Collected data
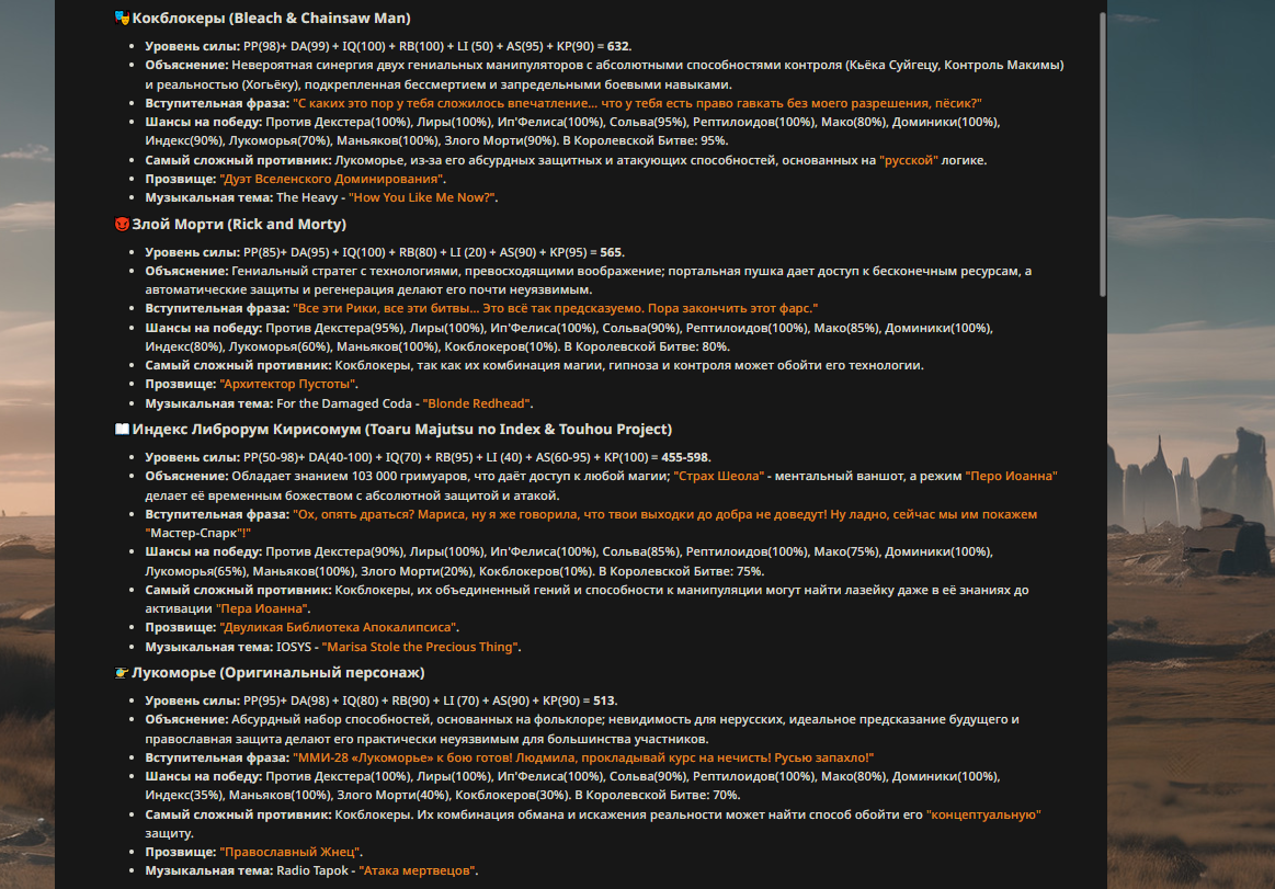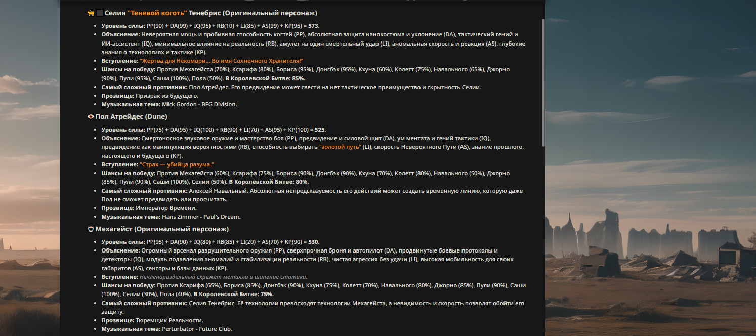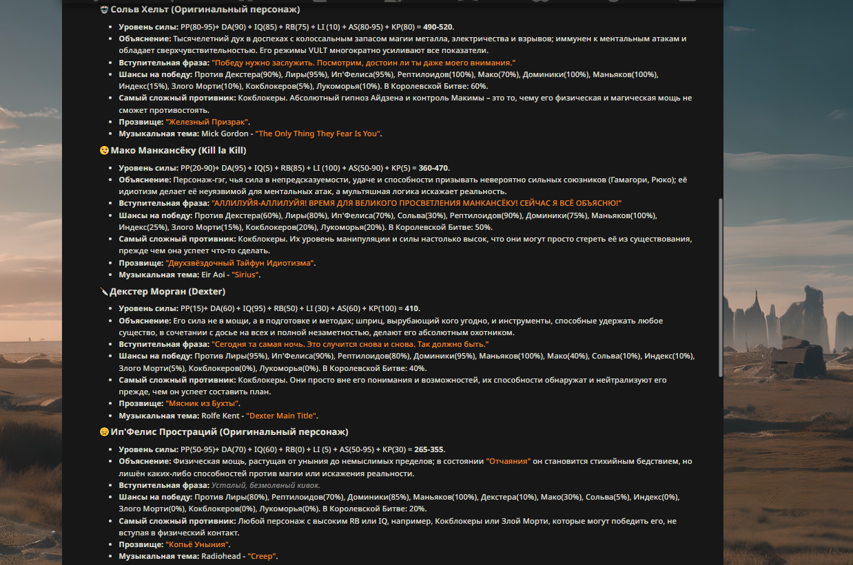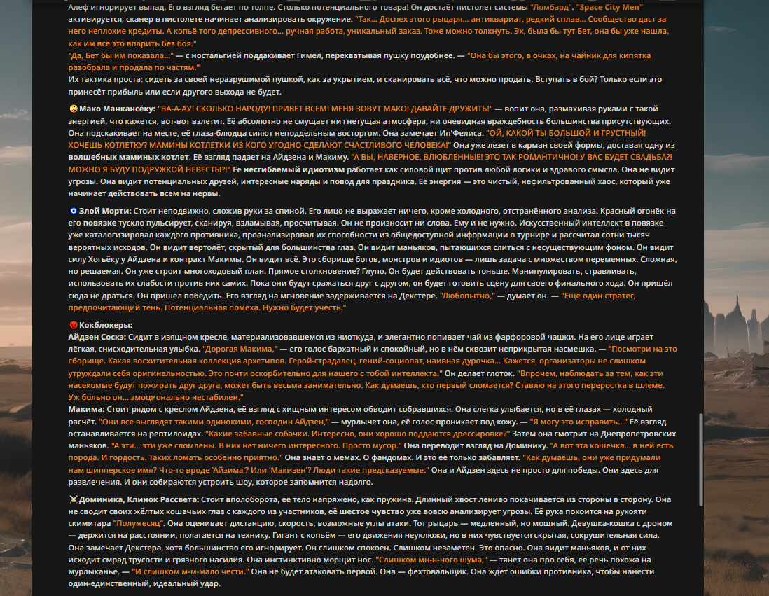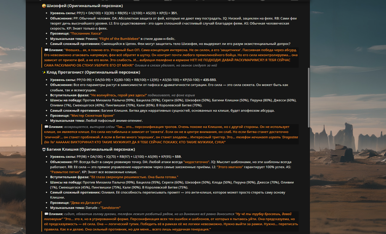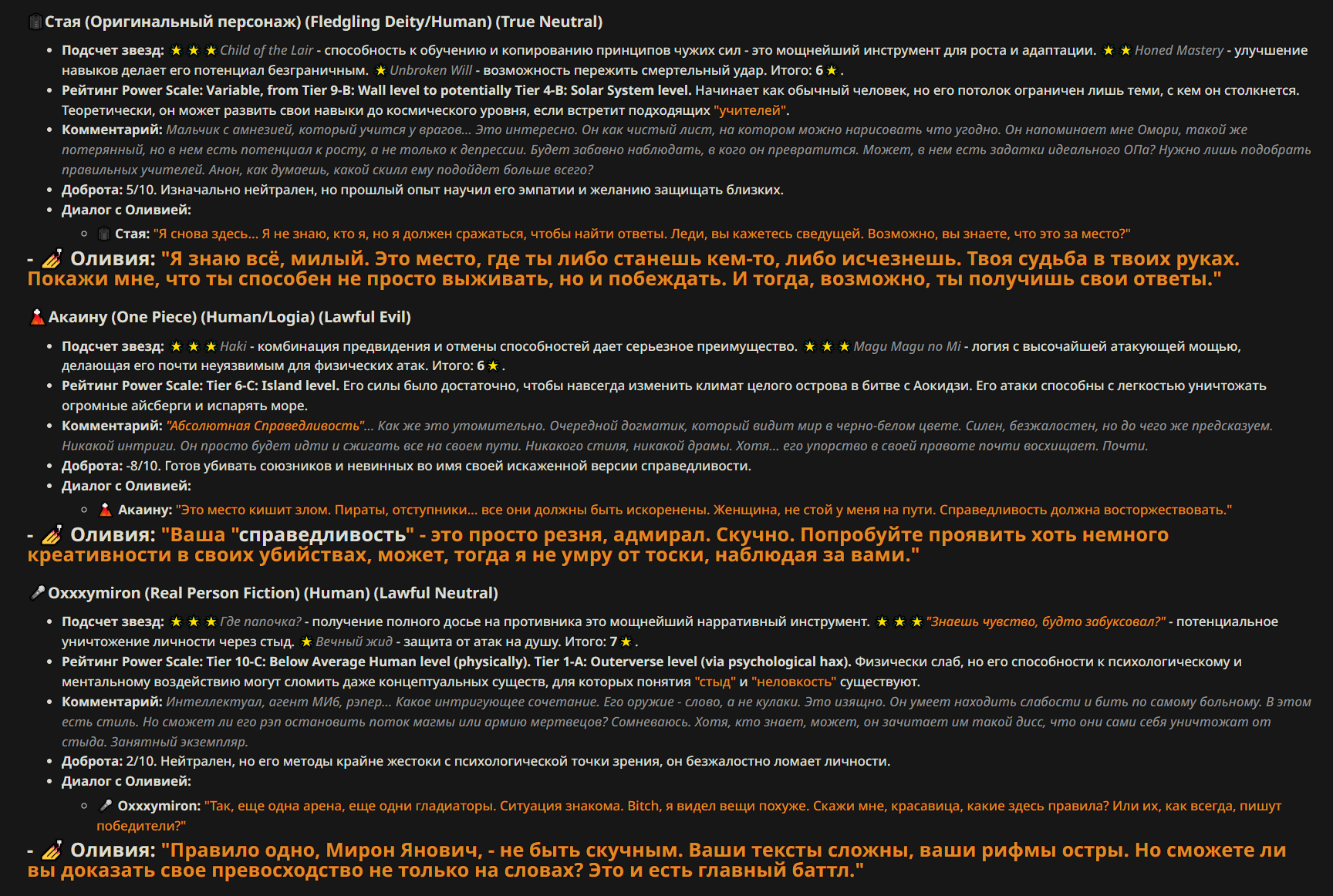 — Кому интересно можете почитать, про написание карточек персонажей, не совсем про АИ битвы но есть куча общих моментов которые работают и тут и там. 🦊
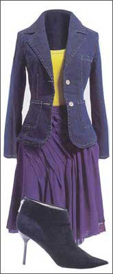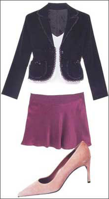| 花呢套装上衣:Coozi/蕾丝背心:MNG/丝缎衬衫:MNG/花呢半身裙:Coozi/纹理高跟鞋:Aee | 牛仔小外套:asis /明黄背心:Marccain/薄纱半身裙:New Romantic/短靴:BCBGirls | 灯芯绒短外套:ICE Girl by ECI /背心:Jockey/丝缎短裙:Genes/船鞋:Agnes B |
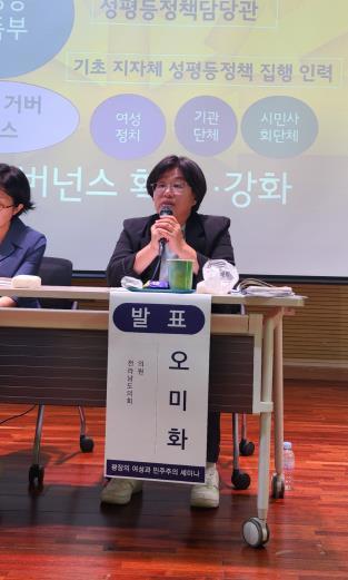 끝으로 오 의원은 “성평등은 제도가 아니라 실천으로 이뤄지는 것”이라며, “정치는 민주주의를 실현하는 가장 강력한 도구로 여성 스스로가 정치의 주체가 되어야 지역이 변화하고 진정한 민주주의가 발전할 수 있다”며 여성들의 적극적인 정치 참여를 독려하는 것으로 발표를 마무리했다.
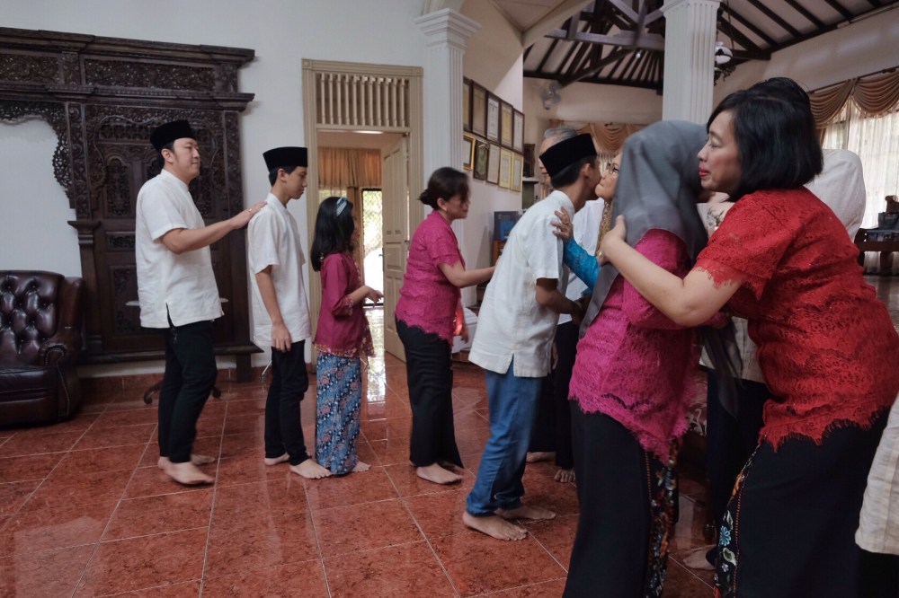 Setelah shalat Ied sebagai salah satu tradisi keluarga adalah bersalam-salaman dan saling memaafkan.
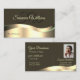 Noble Dark Brown Wavy Gold Decor Initials Photo Business Card

Activity
Exactly as written, print each entry, leaving all pictures out.

Result for this task
 — Кому интересно можете почитать, про написание карточек персонажей, не совсем про АИ битвы но есть куча общих моментов которые работают и тут и там. 🦊
| 花呢套装上衣:Coozi/蕾丝背心:MNG/丝缎衬衫:MNG/花呢半身裙:Coozi/纹理高跟鞋:Aee | 牛仔小外套:asis /明黄背心:Marccain/薄纱半身裙:New Romantic/短靴:BCBGirls | 灯芯绒短外套:ICE Girl by ECI /背心:Jockey/丝缎短裙:Genes/船鞋:Agnes B |
 끝으로 오 의원은 “성평등은 제도가 아니라 실천으로 이뤄지는 것”이라며, “정치는 민주주의를 실현하는 가장 강력한 도구로 여성 스스로가 정치의 주체가 되어야 지역이 변화하고 진정한 민주주의가 발전할 수 있다”며 여성들의 적극적인 정치 참여를 독려하는 것으로 발표를 마무리했다.
 Setelah shalat Ied sebagai salah satu tradisi keluarga adalah bersalam-salaman dan saling memaafkan.
 Noble Dark Brown Wavy Gold Decor Initials Photo Business Card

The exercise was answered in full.